An Australian woman is close to becoming a real-life Charlie’s Angel, after the COVID-19 pandemic turned her career in the beauty industry on its head.
Grace, who didn’t want to disclose her last name due to the nature of her work, was forced to find a new passion when constant lockdowns and harsh restrictions halted her beauty therapy business.
Having extra time on her hands, her knack for problem solving, willingness to help others and determination to try something new inspired Grace to pursue a career as a private investigator (PI).
While she has always been intrigued by mystery, Grace told news.com.au that it was the case of missing 18-year-old backpacker Theo Hayez that drew her towards the PI world.
“Theo went missing in Byron and it has been a really fascinating case with a lot of mystery. Just having the ability to investigate as a local sparked interest,” she said.
The young Belgian tourist, who was in Australia on a six-month holiday, disappeared after a night out on May 31, 2019.
Reports suggest an allegedly intoxicated Theo was kicked out of Cheeky Monkeys bar, before CCTV footage captured him walking alone before disappearing from the frame, never to be seen again.
Months later, mobile data recovered from Theo’s phone revealed the tourist followed a disorderly route before falling off the grid.
Theo’s body has never been found and while police believe he may have drowned, his family are holding on to hope that he may still be alive.
The desire to give answers to the loved ones of missing people is what fuels Grace’s passion in her new venture.
“It’s about caring for people and giving them something they need, but don’t have yet which is often closure or whatever you can provide,” she said.
Grace is currently enrolled in a Certificate III in Investigative Services at the Professional Investigators College of Australasia (PICA). When she graduates, she will be able to apply for a full PI license.
Gregory Lamey is a workplace investigator as well as the founder and CEO of PICA. He said more than 350 students are enrolled in the Cert III course nationwide, which involves 16 units of study.
Lamey told news.com.au that there is more to being a private investigator than what is depicted in movies or portrayed in the media.

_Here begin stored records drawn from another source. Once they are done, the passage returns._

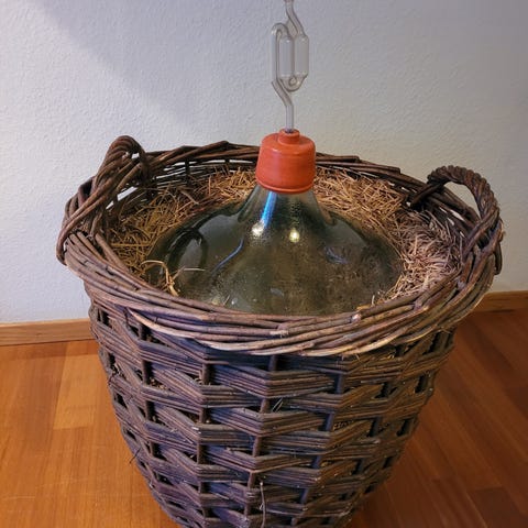 Vinballong i glass og kurv med dekorlys og vinballong-gummitopp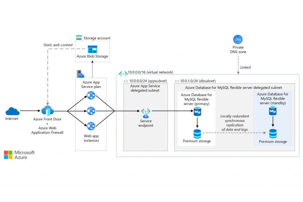 Use Azure Front Door, Azure App Service, and other Azure services to deploy a highly scalable and secure installation of WordPress.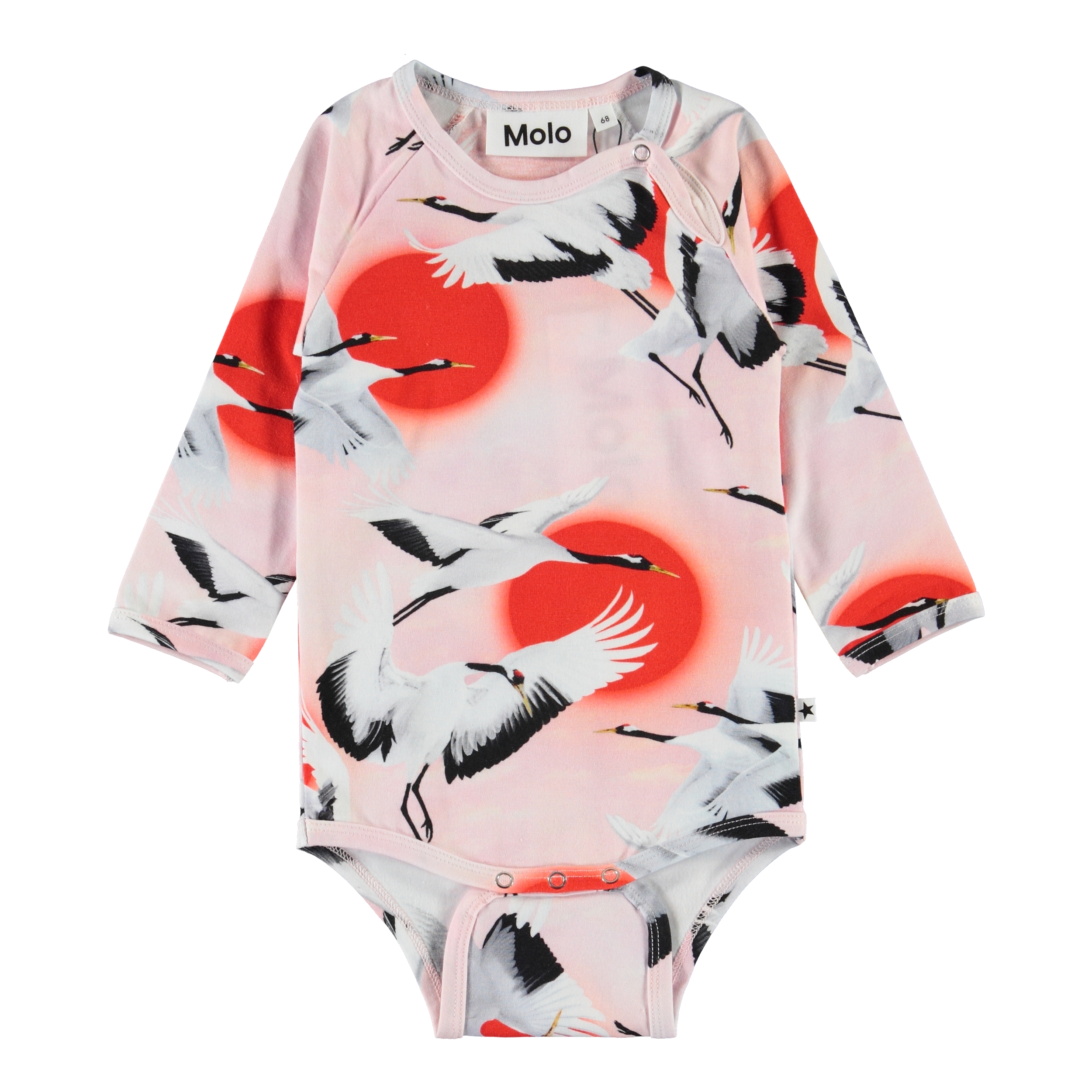 Fonda is een roze romper met lange mouwen en een print van vliegende kraanvogels. Fonda heeft drukknopen in de boord en in het kruis.

“The traditional view of an investigator is simply someone who follows around cheating partners or tries to catch out dodgy WorkCover claimants or perhaps drives a red Ferrari like Magnum,” Lamey said.
“This is still the case, they are called surveillance investigators, but a modern investigator has a wide range of duties across many different industries. For example, investigators work in government, private companies and privately for clients.”
Once a student completes the course and receives a full PI license, there are a range of investigative avenues they can pursue and additional courses a student can take to help them get into their desired field.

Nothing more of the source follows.